The problem is computationally hard in general, so exact algorithms do not scale well. The greedy algorithm is simple, fast, and provably close to optimal.
Problem
You are given a universe of elements:
U = {1, 2, 3, 4, 5, 6, 7, 8}
and a collection of subsets:
S1 = {1, 2, 3}
S2 = {2, 4, 5}
S3 = {3, 6}
S4 = {4, 5, 6, 7}
S5 = {7, 8}
S6 = {1, 8}
Choose as few subsets as possible so that every element in U is covered.
One valid cover is:
S1, S4, S5
because:
S1 ∪ S4 ∪ S5 = {1,2,3,4,5,6,7,8}
The optimization goal is to minimize the number of chosen sets.
Exact Search
A brute-force solver tries every combination of sets.

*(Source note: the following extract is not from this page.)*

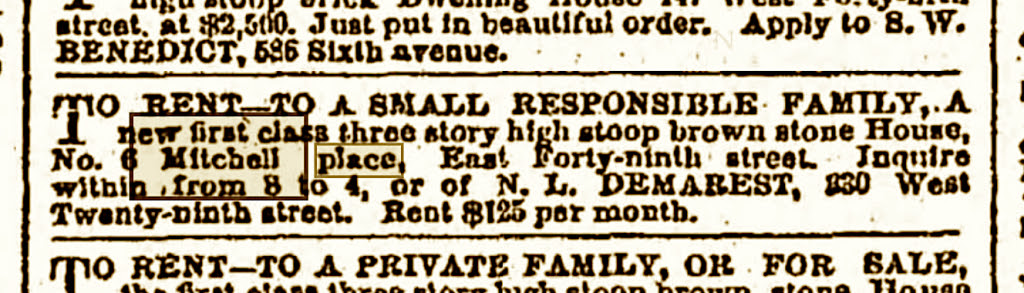 And then something weird appeared in the press in 1896. Apparently, the city had no record of Mitchell Place and did not recognize it as an actual Manhattan street, several papers reported.

from itertools import combinations
def exact_set_cover(
universe: set[int],
sets: list[set[int]],
) -> list[set[int]] | None:
for size in range(1, len(sets) + 1):
for candidate in combinations(sets, size):
covered = set().union(*candidate)
if covered >= universe:
return list(candidate)
return None
This is useful for testing small cases. It is not a scalable algorithm.
The number of possible subsets of the collection is:
2^m
where m is the number of available sets.
Greedy Solution
The greedy algorithm repeatedly chooses the set that covers the largest number of still-uncovered elements.
def greedy_set_cover(
universe: set[int],
sets: list[set[int]],
) -> list[set[int]]:
uncovered = set(universe)
chosen: list[set[int]] = []
while uncovered:
best = max(
sets,
key=lambda s: len(s & uncovered),
)
newly_covered = best & uncovered
if not newly_covered:
raise ValueError("universe cannot be covered by the provided sets")
chosen.append(best)
uncovered -= best
return chosen
Example:
universe = {1, 2, 3, 4, 5, 6, 7, 8}
sets = [
{1, 2, 3},
{2, 4, 5},
{3, 6},
{4, 5, 6, 7},
{7, 8},
{1, 8},
]
cover = greedy_set_cover(universe, sets)
print(cover)
Possible output:
[{4, 5, 6, 7}, {1, 2, 3}, {7, 8}]
The exact selected sets may depend on tie-breaking.
Step-by-Step Execution
Start:
Uncovered = {1,2,3,4,5,6,7,8}
Set S4 covers four uncovered elements:
{4,5,6,7}
Choose S4.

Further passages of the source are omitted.